As such, a kolam embodies an aspirational view of humanity, reminding us of the privileged position we occupy, bridging the divine and the earthly — with the capacity to comprehend and the responsibility to honor both.
Aspiration and Anticipation
America embodies an aspirational view of humanity, as well — one promising exemplary self-governance. And it is often derided for its failure to live up to its own ideals, given a history of indigenous genocide and human enslavement, as well as its ongoing injustices and inequalities.

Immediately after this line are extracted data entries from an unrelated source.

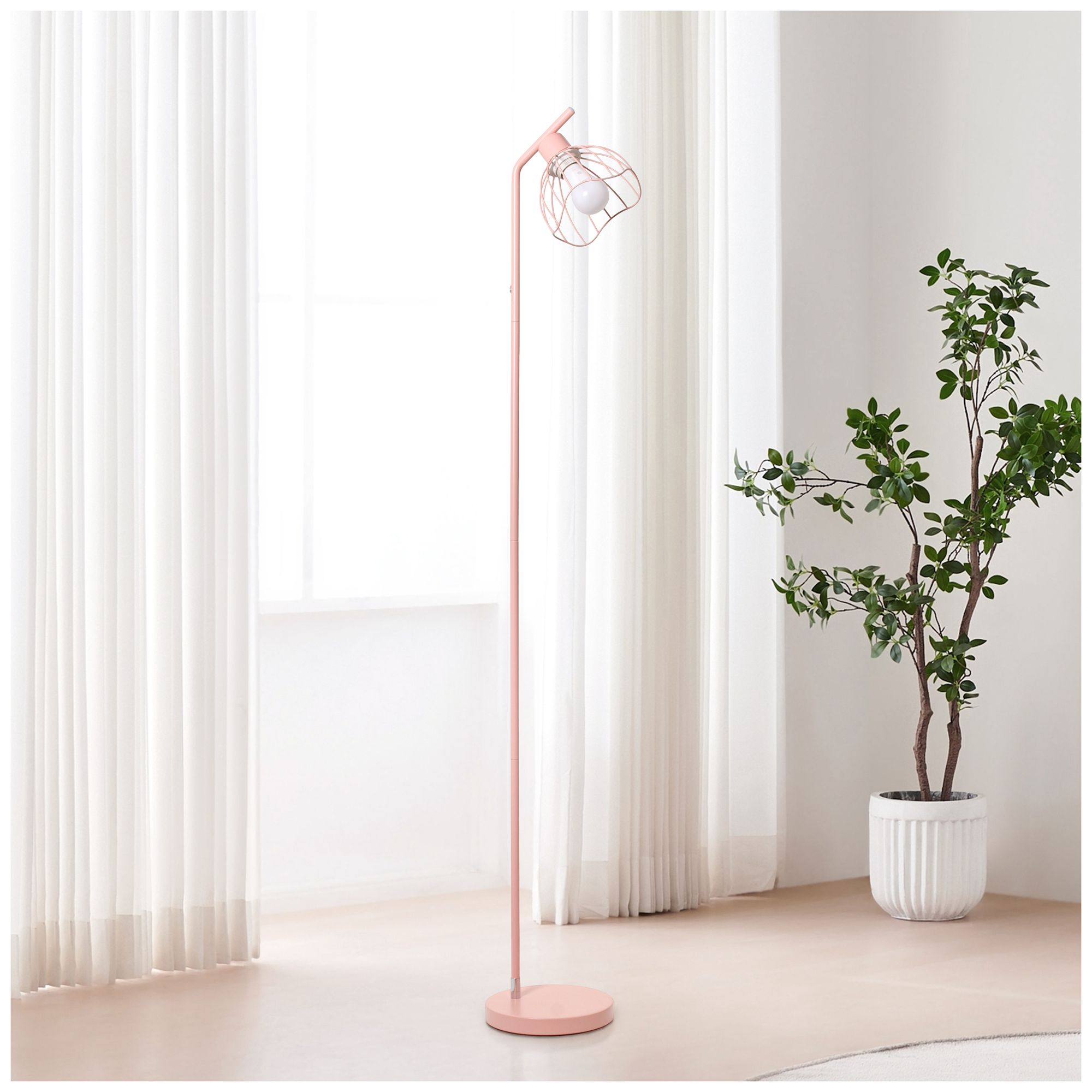 Simple Designs 54.5" Industrial Metal Floor Lamp w Wire Cage Shade, Pink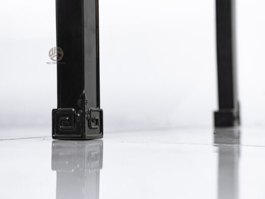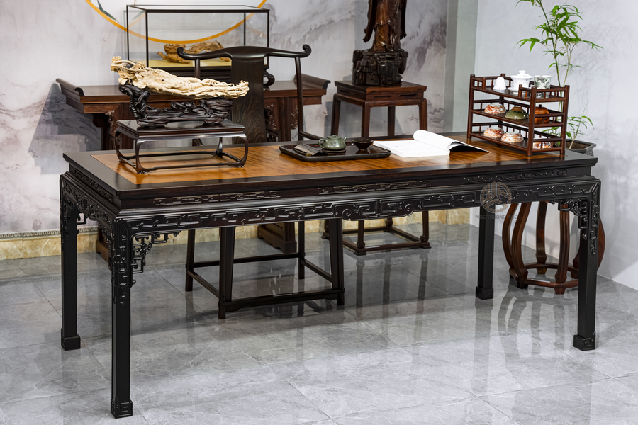 Phần khung bàn làm từ gỗ Tử Đàn, dòng gỗ nổi tiếng với độ cứng cao, kết cấu chắc nịch, khả năng chịu lực tốt và rất ít biến dạng theo thời gian. Gỗ Tử Đàn có sắc trầm sang, khi lên nước tạo chiều sâu màu sắc, càng dùng lâu càng bóng đẹp và giá trị tăng dần.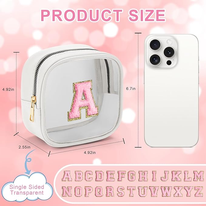 - 【CLEAR DESIGN】The makeup bag is made of high quality clear PVC material with a transparent exterior, so you can quickly see what you are storing and where. Our cosmetic bag has a large capacity, measuring 13.2" * 3.1" * 5.9", with plenty of storage space, Mini Clear Make up bag size : 4.92in*2.55in*4.92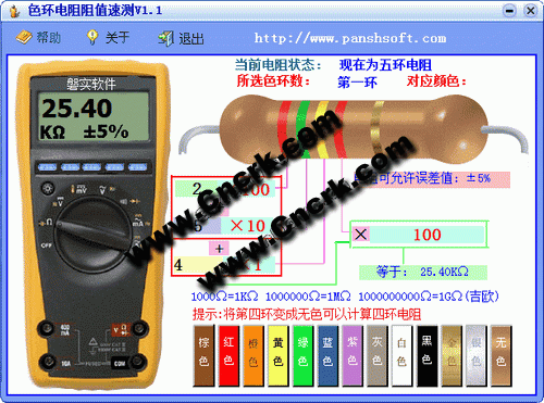 软件采用真实的万用表和电阻作为界面,操作简单,形象的显示出计算色环电阻的整个过程,使用者很快就能掌握如何计算色环电阻阻值,能够计算出四环、五环。并且能计算出仪表中高精度电阻的数值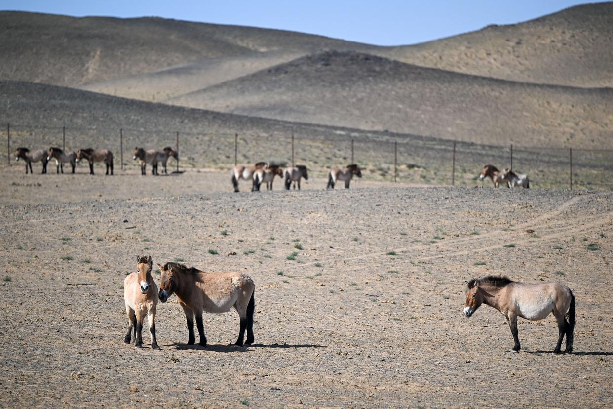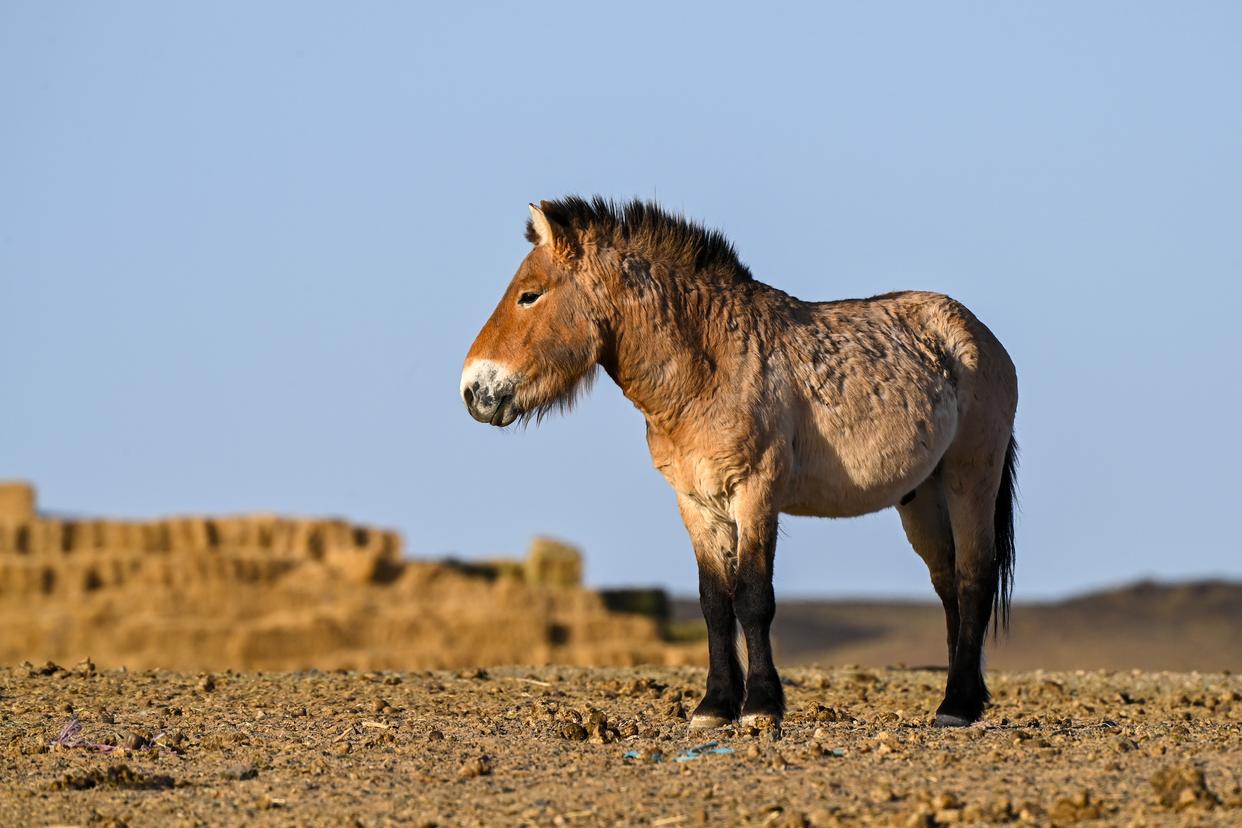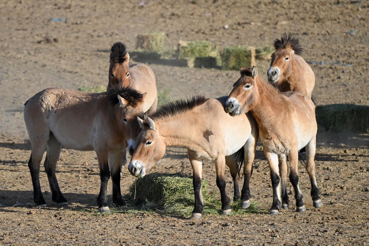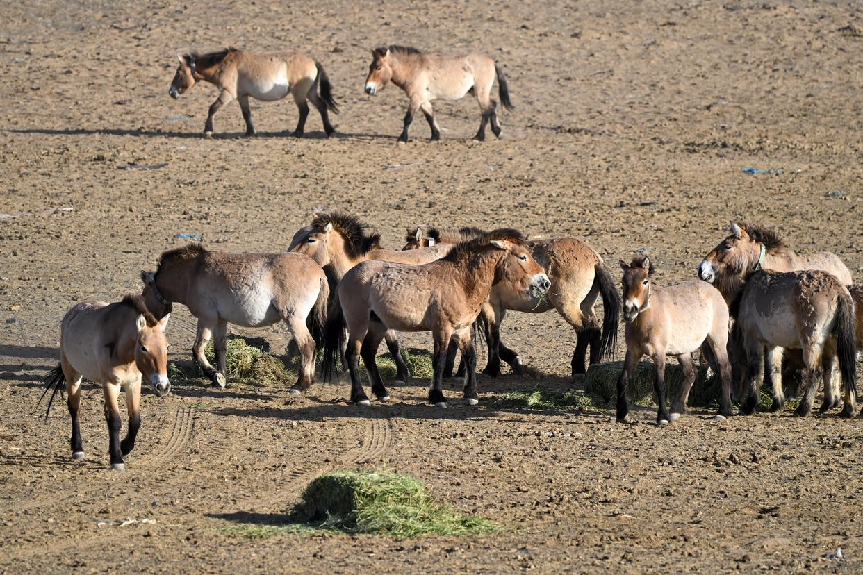 等待野放的普氏野马经过一个冬季的适应,以及种群内的自由竞争,逐渐形成新的稳定群体(4月21日摄)。新华社记者 丁磊 摄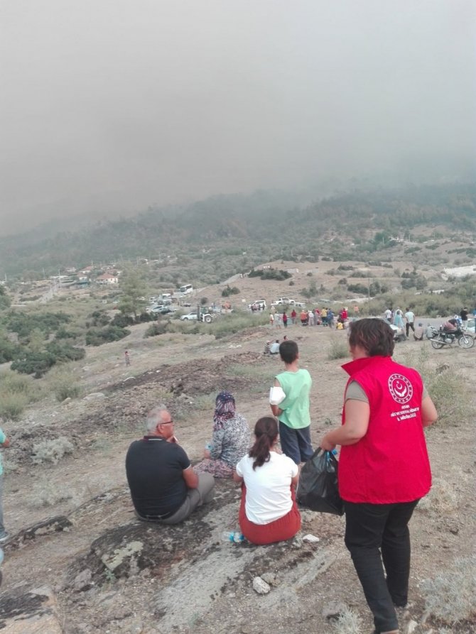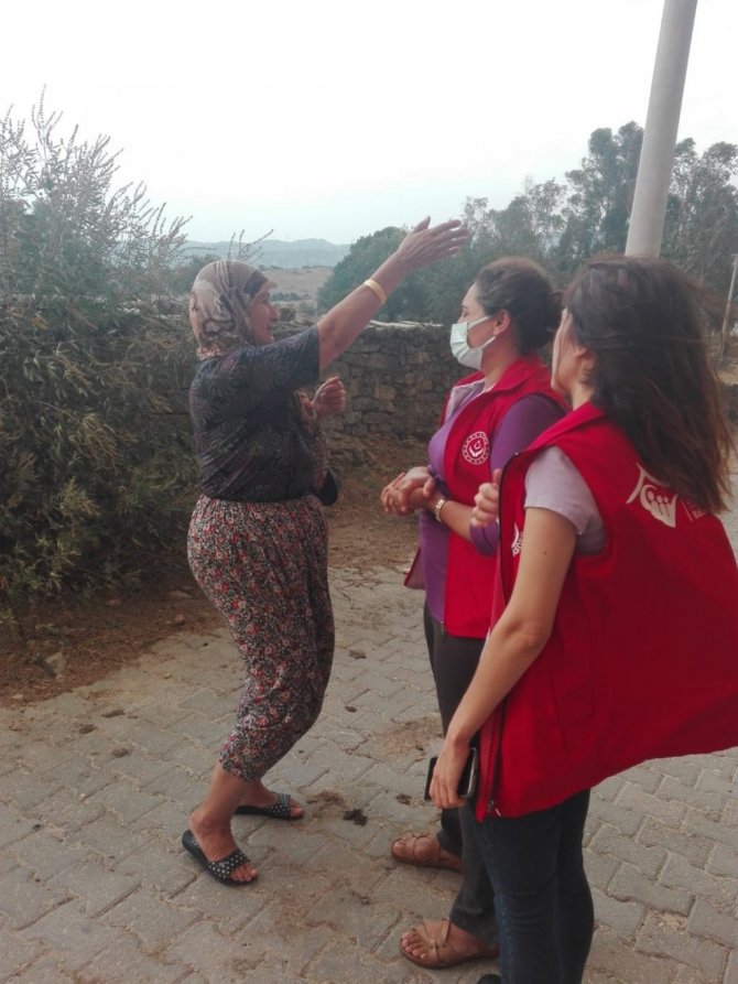 Çine'deki orman yangınında vatandaşların tedirgin bekleyişleri sürerken, Aile ve Sosyal Hizmetler İl Müdürlüğü ekipleri vatandaşlara psikososyal destek hizmeti veriyor.

The reason for the postponement of the Kolam Project's installation, while disheartening, perhaps reflects reality. America inspires, but it disappoints. America looks upward, but it falls short. And just months ago, the seat of American government, the anchor of its professed ideals, was besieged and breached.
As such, I'm longing to see the Kolam Project's rescheduled installation outstretched before the Capitol steps. I'm eagerly anticipating this hopeful and magnanimous gesture of welcome to replace the malevolence and intolerance so recently displayed there.
At the same time, I know what will happen after the installation is completed. I know that time and elements and footprints will disperse the Kolam Project's tiles and the stories each one holds. Video footage from January 6th still haunts me — as does a question: What if the rioters come back and smash it, crack it, break it?
But I know the answer.
The next morning, we must build it again.